Plaintiffs' claim is not cognizable because 16 U.S.C. § 1533(c) does not impose a nondiscretionary duty to initiate the rulemaking process, and the FWS has full discretion following a five-year review to pursue rulemaking if it so chooses. Thus, because the plaintiffs' claims are not cognizable under the APA or the ESA, the Court does not have subject matter jurisdiction over this case. See Coos County, 531 F.3d at 801: Am. Forest, 533 F.Supp.2d at 94....
"However, for a claim of unreasonable delay to survive, the agency must have a statutory duty in the first place." San Francisco Baykeeper v. EPA, 297 F.3d 877, 885 (9th Cir.2002). Additionally, "the only agency action that can be compelled under the APA is action legally required," Norton v. S. Utah Wilderness Alliance, 524 U.S. 55, 63 (2004), and "a delay cannot be unreasonable with respect to action that is not required," id., at 63 n. 1. Thus, regardless of the determination resulting from a five-year review, whether it suggests that a listing status should be changed or should remain the same, if rulemaking has not been initiated by the FWS at its discretion, the Court remains without jurisdiction to mandate action by the agency.

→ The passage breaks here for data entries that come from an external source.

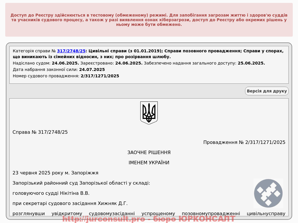 Розірвали шлюб без участі сторінВід Адвокат Київ | Запоріжжя | Україна / 25.06.2025 Категорія: Розірвання шлюбу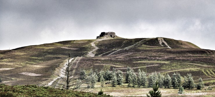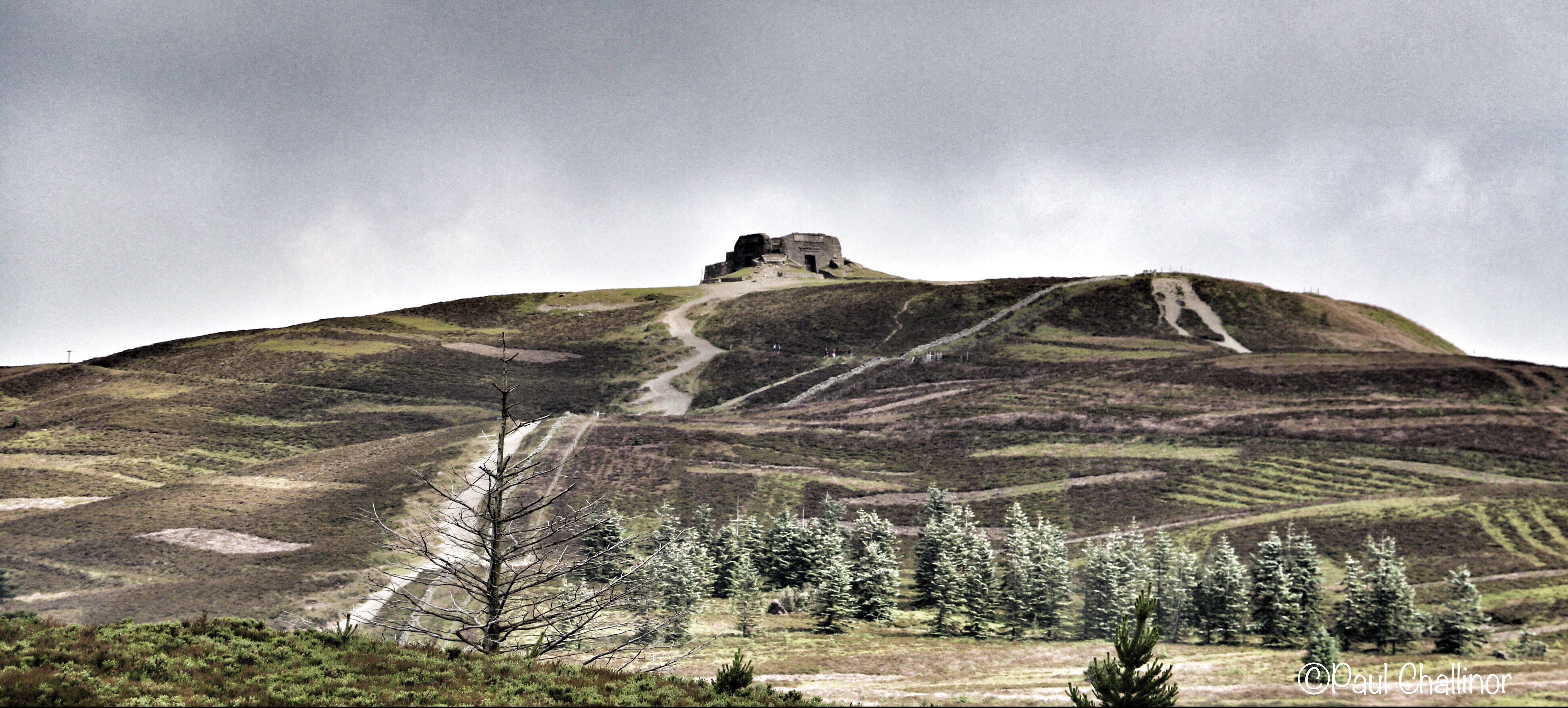 The calendar said that is was July, supposedly summer. But the view outside the window seemed to be suggesting the calendar was on the wrong page, or there was a misprint and it was November. OK it wasn’t raining (yet) hooray! But it was cold, not so good! The wind had been shaking the caravan during the night, definatly not so good! So what did we decide to do? Climb a hill of course! Armed with hot coffee we headed for the hills. Well one hill to be exact, Moel Fammau. Not a big hill, not a difficult climb, but the views from the top can be fantastic – on a good day that is. And this was not a very good day as it turned out, making it especially challenging to take any good photographs because of the very poor light.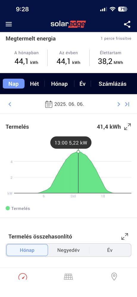Válasz MTZ1221.3 #784. hozzászólásáraAsszem a napi csúcs termeléseink 110 kW körül vannak ezen a rendszeren. Ez a legkisebb is. Van 22, 25, 29. Egyenlőre óriási kidobott pénz, mert ugye hozzá lett költve, fejlesztve elég sok minden.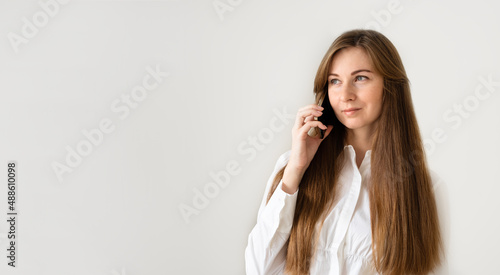 Caucasian woman with long brown hair smiling, speaking by smartphone,having call on phone on white,grey background at home or office.Banner,copy space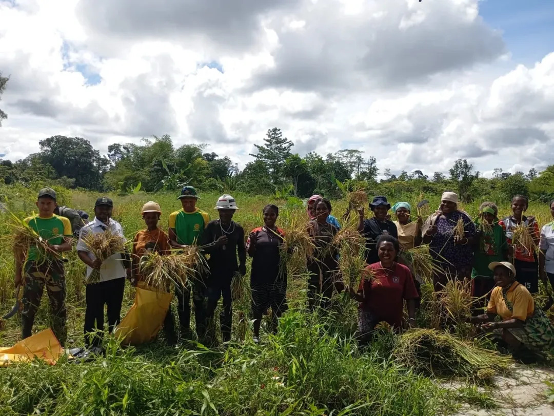 Kampung Mimika Gunung dikenal sebagai salah satu wilayah yang menjunjung tinggi kebersamaan, dan memiliki ikatan emosional yang kuat dengan para prajurit Yonif 754, yang dikenal dengan sebutan Prajurit Raja. Di tengah panas terik dan hamparan sawah, prajurit berseragam loreng tampak bahu membahu memanen padi bersama warga, membuktikan bahwa mereka tak hanya sigap di medan pertempuran, tapi juga hadir dalam denyut kehidupan masyarakat.

CONCLUSION. Defendants' motion to dismiss should be granted. Plaintiffs' request to amend should be denied because the amendment would be futile. See U.S. ex rel. Lee v. SmithKline Beecham, Inc., 245 F.3d 1048, 1052 (9th Cir.2001) (futility of the proposed amendment, alone, supports denial of a motion to amend). Plaintiffs' motion for summary judgment should be denied... Plaintiffs, however, are not without recourse. It appears that two options are available to Plaintiffs: (1) based on Defendants' counsel's representation at oral argument, Plaintiffs may still be able to challenge the FWS's 2004 negative response to Plaintiffs' citizen petition from 2001; or (2) in the alternative, Plaintiffs could file a new citizen petition. See Coos County, 531 F.3d at 812 (citing Am. Forest, 533 F.Supp.2d at 93 (stating that, if a party believes that a listing causes "unwarranted injury, [it] has the right and the ability to petition FWS to delist" the species in question)).